GOAL OF THE EXERCISE:
Make an exact copy of the lines from the top of the entries below through the line with "本书为中国社会科学基金后期资". Leave all pictures out.

TASK INPUT:

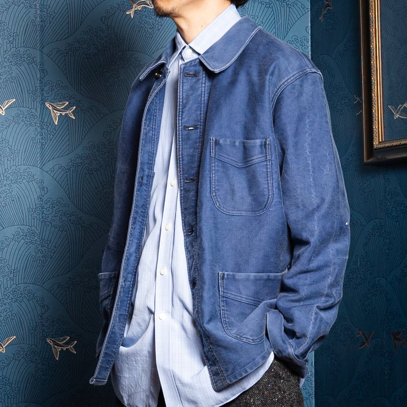 - メンズ > ジャケット・アウター > 50s Adolphe Lafont モールスキンジャケット Vポケット 40s-50s France Vintage Adolphe Lafont Blue Mole
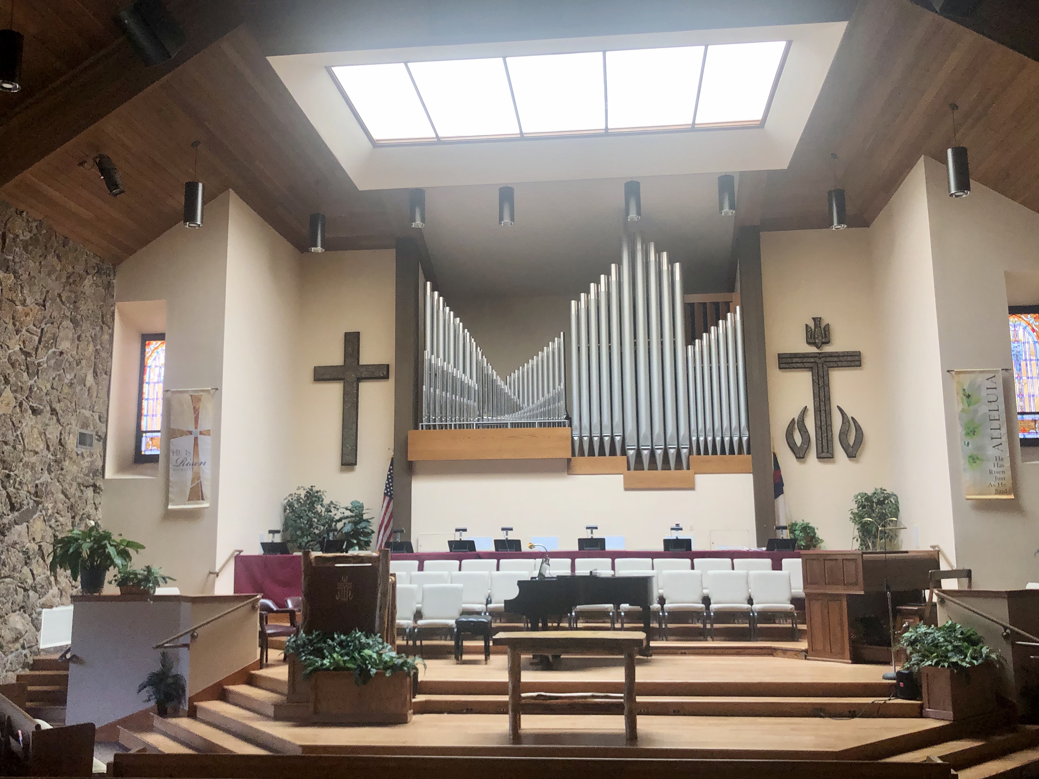 The Easter banners remind us that Christ has risen, he has risen indeed! The sanctuary is empty. The tomb was empty. He has risen! This season has taught us many things. Fellowship and caring go on in different ways. But they are still happening. Worship is going on in a new way but it is still the community of faith gathering together.
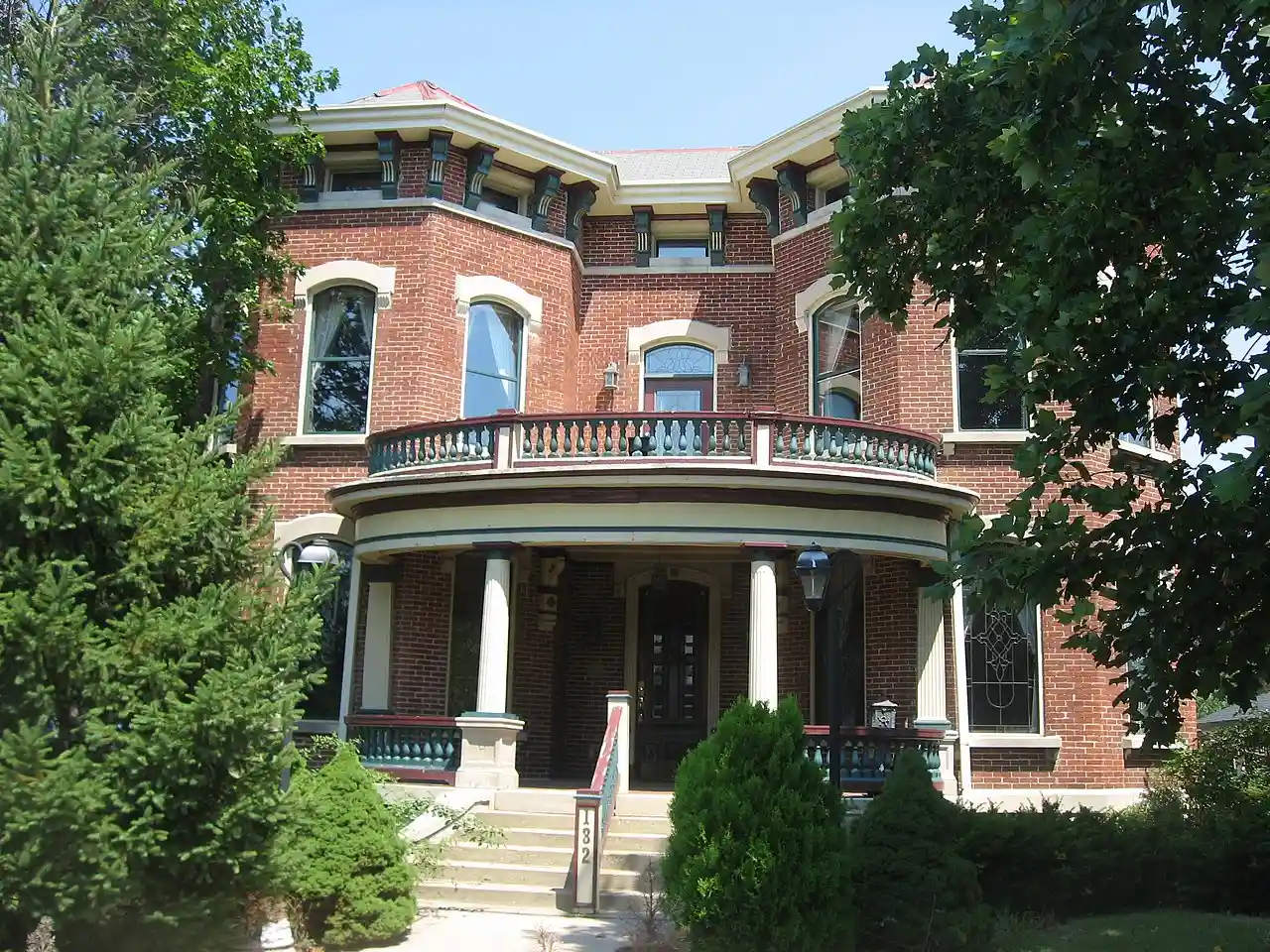 John Hamilton House, also known as the Hamilton House, is a historic home located at Shelbyville, Shelby County, Indiana. It was built in 1853, and is a -story, rectangular, Italianate style brick dwelling. It has a slate roof and sits on a limestone block foundation. The front facade features segmental arched windows, and two two-story projecting polygonal bays flanking a semi-circular one-story porch supported by Doric order columns added about 1910. Note: This includes and Accompanying photographs Read more on Wikipedia
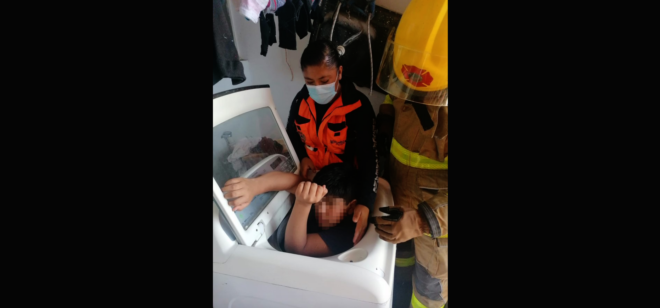 Al percatarse que el menor había quedado atascado al interior de la lavadora, la familia solicitó apoyo al número de emergencias 911.
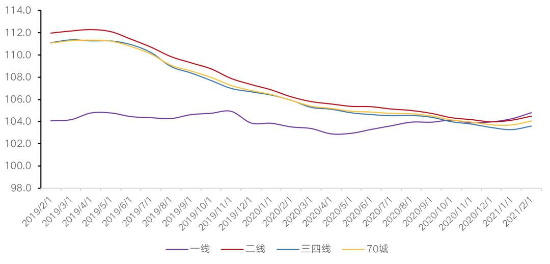 2021年前2月,全国新房销售价格呈现同比上涨趋势,涨幅趋于平稳。各能级环比涨幅有升有降,其中一线城市环比涨幅最高。具体来说,一线城市新建商品住宅销售价格环比上涨0.5%,涨幅比上月回落0.1个百分点;二线城市上涨0.4%,涨幅与上月持平;三线城市环比上涨0.3%,涨幅比上月扩大0.1个百分点。
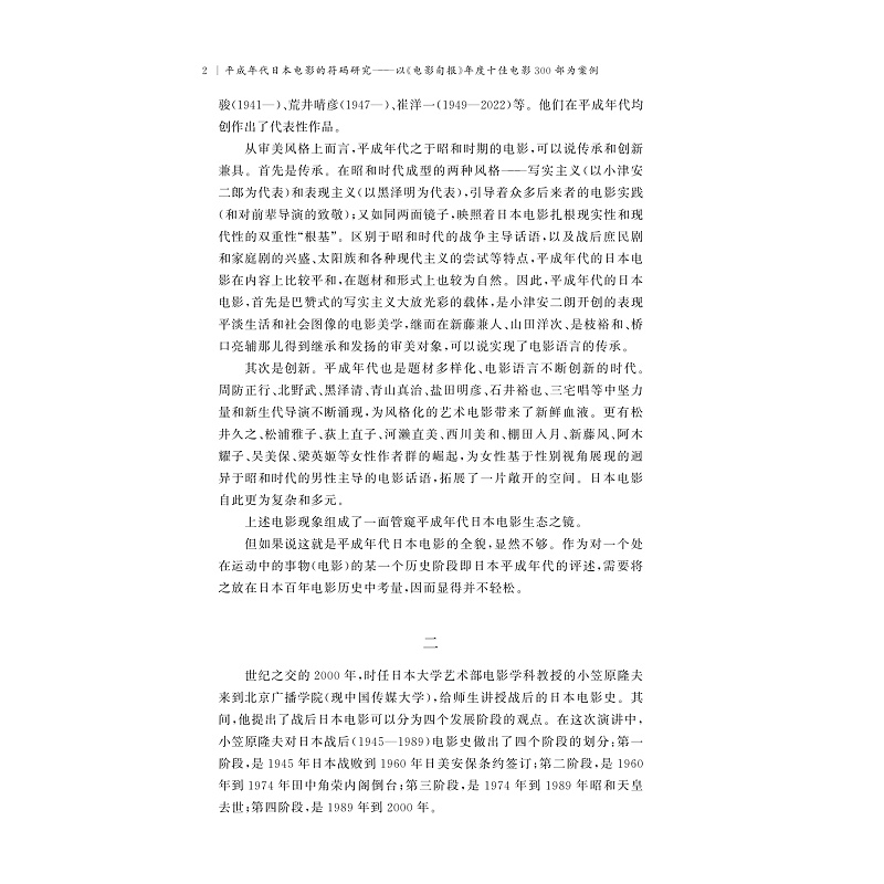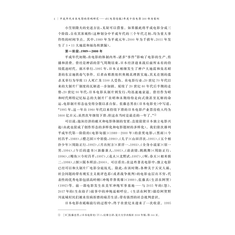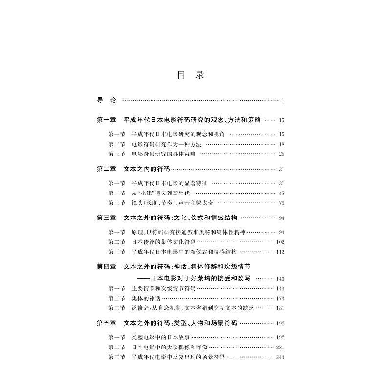 本书为中国社会科学基金后期资助项目成果。本书采用符号学家帕特里斯·帕维斯(Patrice Pavis)、乌伯托·艾柯的研究成果,用“史论类型符码”关联法,探究日本平成年代电影的意义生产范式,揭示其电影内部的情节、风格符码和集体文化之间的多元关系。理论方法包括:电影史论和类型理论结合、符码三分法(以乌伯托·艾柯为代表)、史论、类型理论和符码理论的混合(原创性的学术尝试)。具体分为七个章节(包括《平成年代日本电影符码研究缘起、对象和方法》、《文本之内的符码》《文本之外的符码(1):文化、神话和情节》、《文本之外的符码(2):神话、集体修辞和次级情节》《文本之外的符码(3):类型、人物和场景符码》等)。
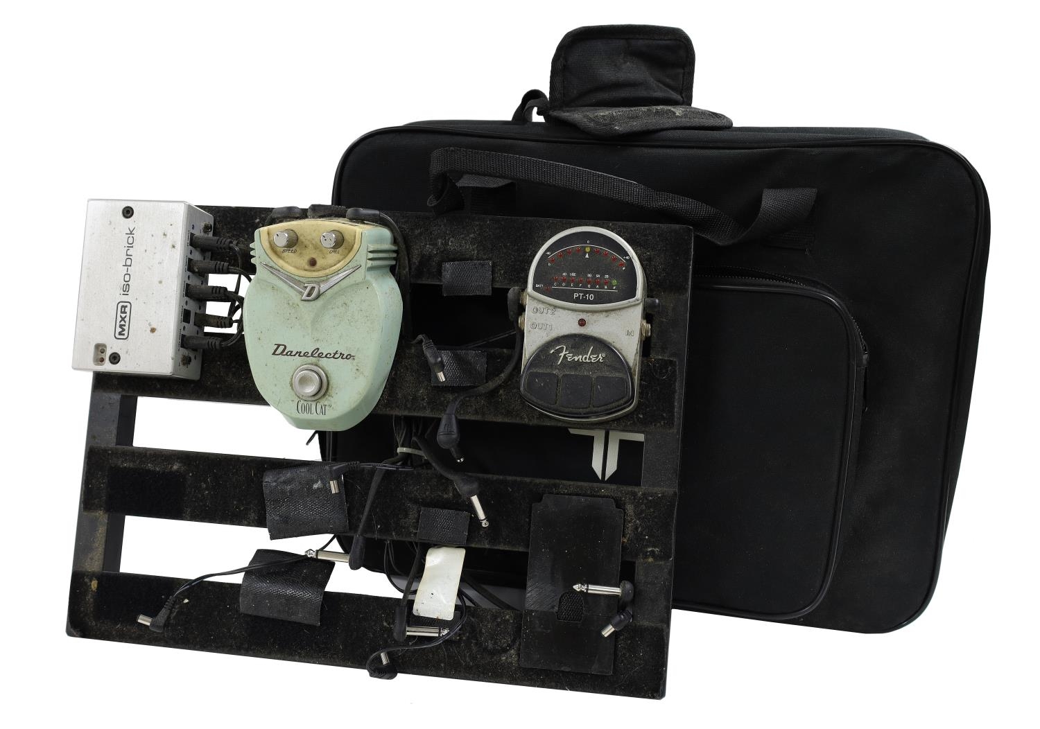 Tourtech guitar pedal board with outer gig bag fitted with an MXR ISO-Brick power supply, Fender PT-10 tuner and a Danelectro Cool Cat guitar pedal

SOLUTION TO THE EXERCISE:
 - メンズ > ジャケット・アウター > 50s Adolphe Lafont モールスキンジャケット Vポケット 40s-50s France Vintage Adolphe Lafont Blue Mole
 The Easter banners remind us that Christ has risen, he has risen indeed! The sanctuary is empty. The tomb was empty. He has risen! This season has taught us many things. Fellowship and caring go on in different ways. But they are still happening. Worship is going on in a new way but it is still the community of faith gathering together.
 John Hamilton House, also known as the Hamilton House, is a historic home located at Shelbyville, Shelby County, Indiana. It was built in 1853, and is a -story, rectangular, Italianate style brick dwelling. It has a slate roof and sits on a limestone block foundation. The front facade features segmental arched windows, and two two-story projecting polygonal bays flanking a semi-circular one-story porch supported by Doric order columns added about 1910. Note: This includes and Accompanying photographs Read more on Wikipedia
 Al percatarse que el menor había quedado atascado al interior de la lavadora, la familia solicitó apoyo al número de emergencias 911.
 2021年前2月,全国新房销售价格呈现同比上涨趋势,涨幅趋于平稳。各能级环比涨幅有升有降,其中一线城市环比涨幅最高。具体来说,一线城市新建商品住宅销售价格环比上涨0.5%,涨幅比上月回落0.1个百分点;二线城市上涨0.4%,涨幅与上月持平;三线城市环比上涨0.3%,涨幅比上月扩大0.1个百分点。
 本书为中国社会科学基金后期资助项目成果。本书采用符号学家帕特里斯·帕维斯(Patrice Pavis)、乌伯托·艾柯的研究成果,用“史论类型符码”关联法,探究日本平成年代电影的意义生产范式,揭示其电影内部的情节、风格符码和集体文化之间的多元关系。理论方法包括:电影史论和类型理论结合、符码三分法(以乌伯托·艾柯为代表)、史论、类型理论和符码理论的混合(原创性的学术尝试)。具体分为七个章节(包括《平成年代日本电影符码研究缘起、对象和方法》、《文本之内的符码》《文本之外的符码(1):文化、神话和情节》、《文本之外的符码(2):神话、集体修辞和次级情节》《文本之外的符码(3):类型、人物和场景符码》等)。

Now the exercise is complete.